Select Board, Kezer lambasted over tax bills, property reassessments

Tempers flared near the end of the State of the Town address Wednesday night as residents angrily interrogated the Select Board and Town Administrator Thatcher Kezer about recent spikes in property tax assessments they called exorbitant and unjustified. 

Marblehead residents hit the Select Board and Town Administrator Thatcher Kezer with a barrage of questions about property assesments and tax bills. COURTESY PHOTO / ROBERT PECK

The back and forth came after Kezer delivered a presentation spotlighting a slate of fiscal  initiatives and the town’s broader financial picture. But a public comment period exposed mounting taxpayer distrust and resentment over increased tax bills.

Local residents, like James Full, are angry that some assessments vastly exceed home values and set dangerous precedents.

“I need someone from the town to just fess up and say, ‘Wow, we screwed the pooch on that,’” Full said, demanding an explanation as to why tax assessments on near-identical homes in the same neighborhood could diverge so wildly.  “I know there are taxpayers in town that would like to hear the answer to that.”

Kezer walked through what he described as “the macro process” dictating property taxes — last year’s levy plus 2.5% annual growth allowed under Proposition 21⁄2. But he conceded that the assessor’s individual appraisal of each property and sales driving up values in select neighborhoods led to disproportionate hikes.

“For every one of those people that saw that, because there’s a 16% average (increase), there are a whole bunch of other people whose values didn’t go up or went down,” Kezer said. “Obviously the ones we hear from are the ones where their values went up.”  

That failed to satisfy Full, who accused officials of making excuses and deflecting accountability rather than owning the crisis facing residents.

“So Thatcher, you honestly believe that the Assessor’s Office is using whatever market analysis system to generate these tax dollars?” he said. “You honestly think it’s fair for someone’s property taxes to go up $4,000 a year?”

Select Board member Moses Grader stressed the Assessor’s Office — overseen by an elected three-member body separate of the Select Board  — functions as “statutorily separate” from other municipal departments.

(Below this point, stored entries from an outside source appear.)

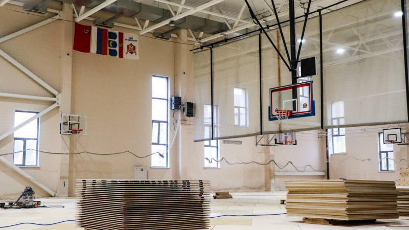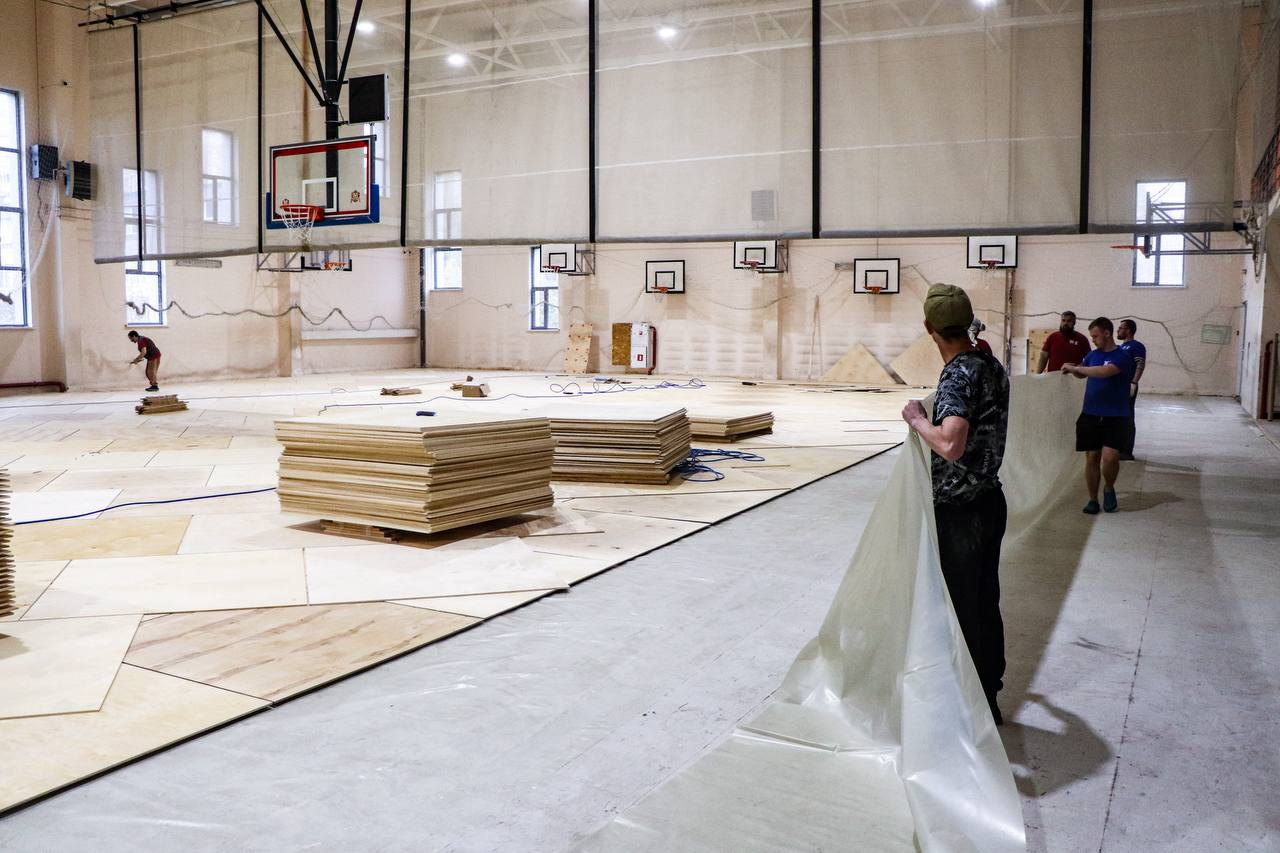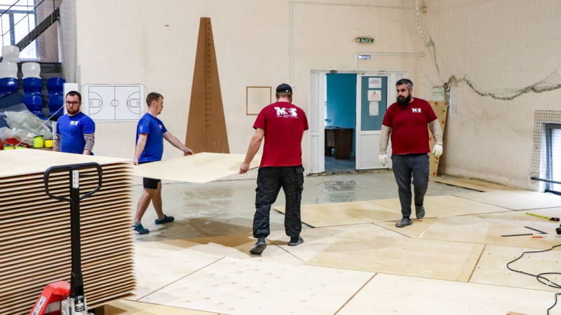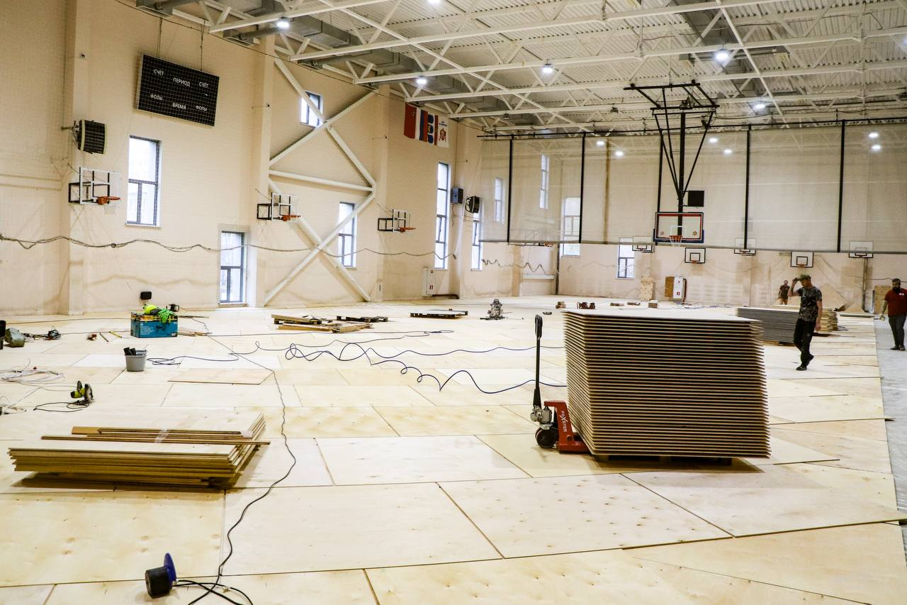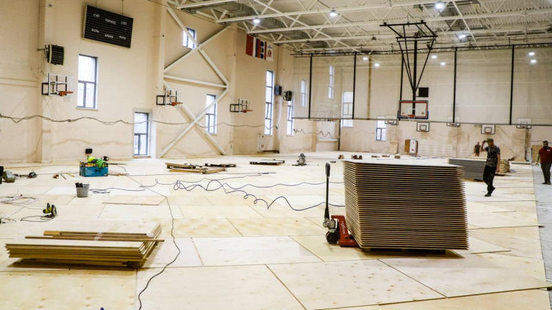 На сегодняшний день ведется укладка пароизоляционной пленки и двойного слоя фанеры со специальными резиновыми амортизаторами. Такое профессиональное покрытие уменьшит нагрузку на коленные суставы спортсменов и снизит травмоопасность.
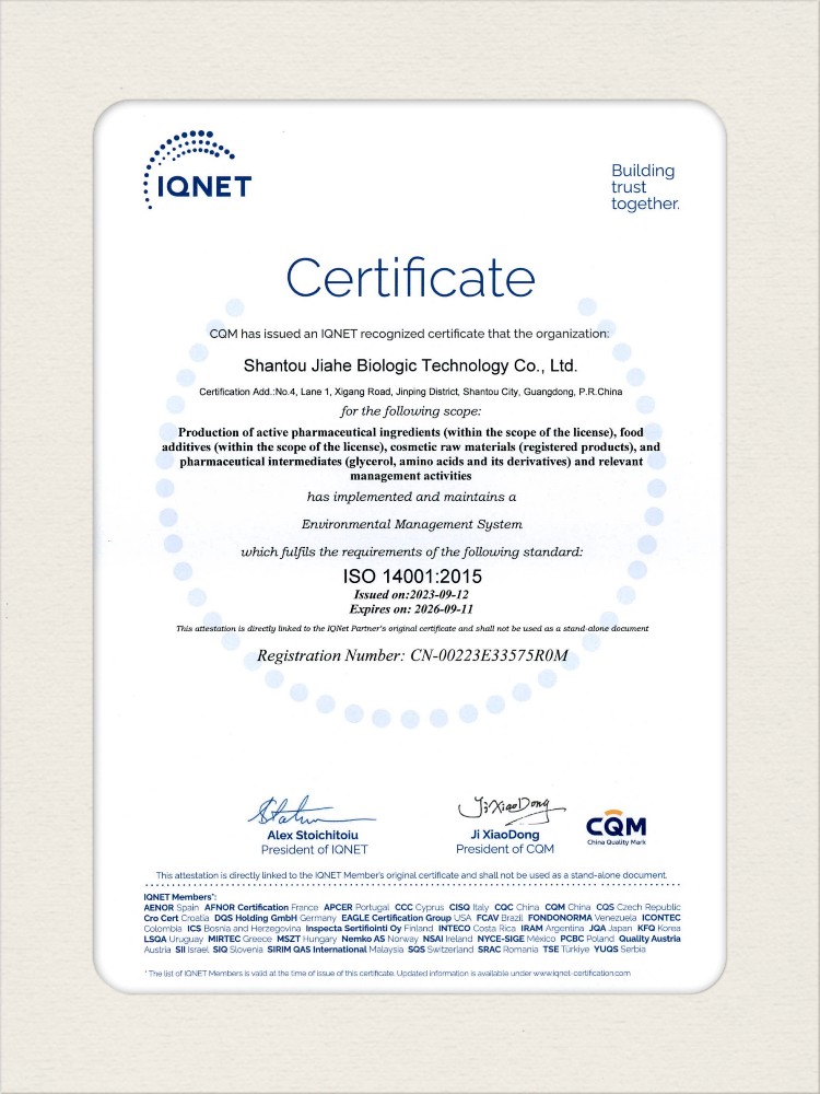 汕頭佳禾生物科技有限公司是一家致力于氨基酸及其衍生物研發、生產和銷售的國家高新技術企業,先后通過了國家藥品GMP認證,ISO9001質量體系認證、ISO14001環境管理體系認證。目前,公司擁有“廣東省專精特新中小企業”、“廣東省氨基酸產品工程技術研究中心”、“汕頭市生物發酵工程技術研究開發中心”、“汕頭市知識產權優勢企業”、“多項國家發明專利”、“廣東省守合同重信用企業”等多項資質和榮譽,旗下“佳禾牌”系列產品已成為原料藥行業知名品牌。 新泰市佳禾生物科技有限公司成立于2012年8月,注冊資金2億元,公司位于山東泰安新泰市新汶工業園區,是國 家級高新技術企業、山東省“專精特新”企業、山東省制造業單項冠軍企業、泰安市科技型中小企業、泰安市農業產業化龍頭企業、中國生物發酵產業協會理事單位。
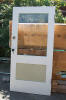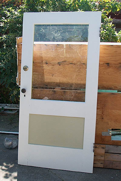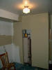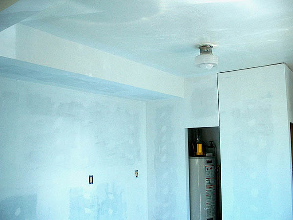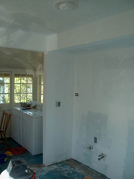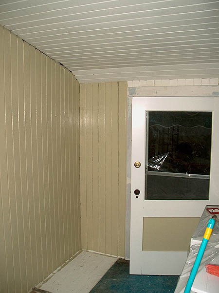 The door was stripped the rest of the way and given it's final paint job (yea!). We finished sanding and then priming the walls on Saturday night which merely brightened the room a little without giving us much of a sense of accomplishment. After spending all of Sunday morning with the grunt-work of prep'ing and cleaning the window trim and the bead-board in the laundry room, we felt like we hadn't done much. But then came time to slap some paint on the ceiling and walls! We were so encouraged by the progress with the ceiling that we pressed on with a late night and got MOST of the walls done, too! One evening this week should finish the first coat. Next weekend comes the second coat, then the floor underlay and hanging the first cabinets!
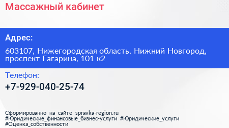 Массажный кабинет по адресу 603107, Нижегородская область, Нижний Новгород, проспект Гагарина, 101 к2 в дальнейшем Организация, размещена в следующих категориях:
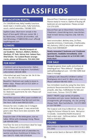 Ohel Chaim. For custom flower arrange- Bernard. Please contact Ari at 514 945 1287.
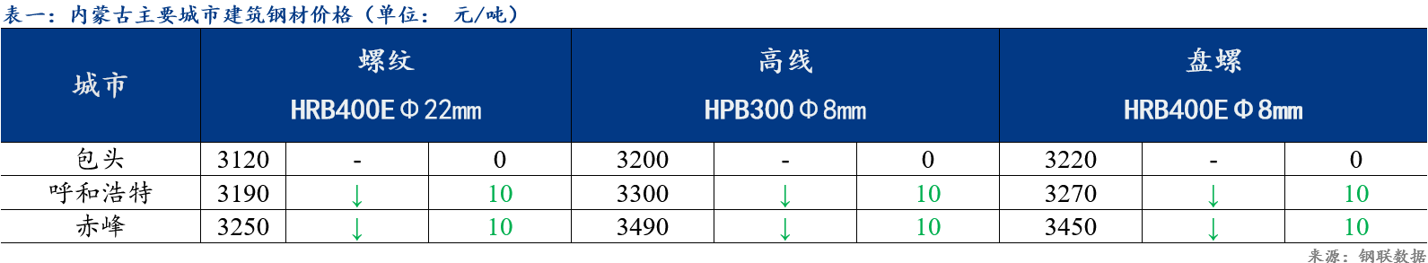 今日包头市场主流资源报价弱稳运行,目前包钢大螺纹基价3120元/吨左右,市场成交清淡;亚新钢厂出厂价平稳,目前大螺纹出厂价3200元/吨,盘螺出厂价3200元/吨,钢厂资源基本齐全,厂提优惠100-120元/吨;今日申银、内蒙古建龙钢厂资源价格平稳,目前市场大螺纹主流价格2960元/吨,成交较差,赤峰市场价格小幅下跌。
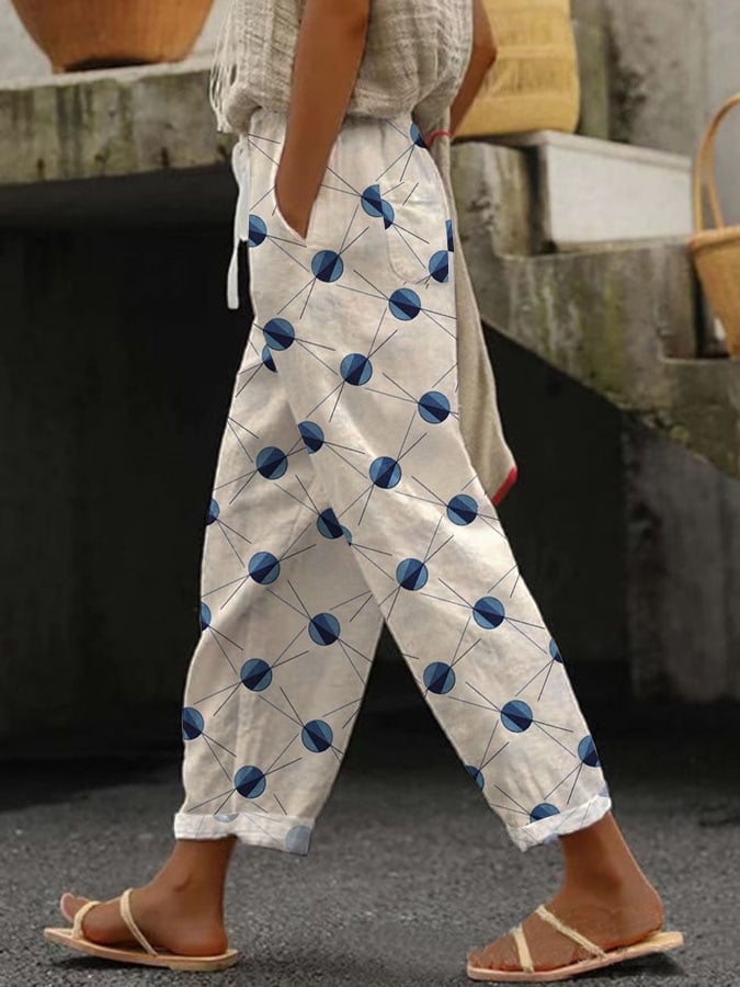 Women's Geometric Polka Dot Design Lace-Up Elastic Waist Loose Casual Pants

The Select Board lacks “visibility into it,” he noted, but said ultimate accountability lies with voters who elect the Board of Assessors.

Tensions escalated further when resident John DiPiano lambasted the Select Board for its “consistent lack of transparency” and failure to adequately prepare for taxpayer frustrations.

Select Board Chair Erin Noonan reiterated assessing individual properties falls outside the Board’s purview but said it shared broader worries about the assessment process and outcome.

That did little to placate residents. Resident Alastar Connor challenged local officials over who bears ultimate responsibility for addressing citizen complaints.

Connor asked, “Who is accountable to the people of the town?” She argued that even if oversight bodies like the Assessor’s Office fall outside direct supervision by the Select Board, residents still look to Select Board members and Kezer as leaders obligated to tackle problems causing community upheaval.

Assessor Karen Bertolino did not return requests for comment earlier this week.

“I would say the ultimate accountability for the people of the town would lay with the Board of Selectmen and the town administrator,” Connor said. “So that’s why I’m wondering — where’s the accountability of each independent board?”

If other departments or boards fail to adequately respond to resident concerns, Connor said accountability “defaults” back to executive figures like the Select Board.

“This situation exposes gaps in accountability and transparency that should force us to reexamine flaws in the current system,” Select Board member Bret Murray said. “As we explore a possible charter change, we need to strongly consider reconstituting how the Assessor’s Office operates.”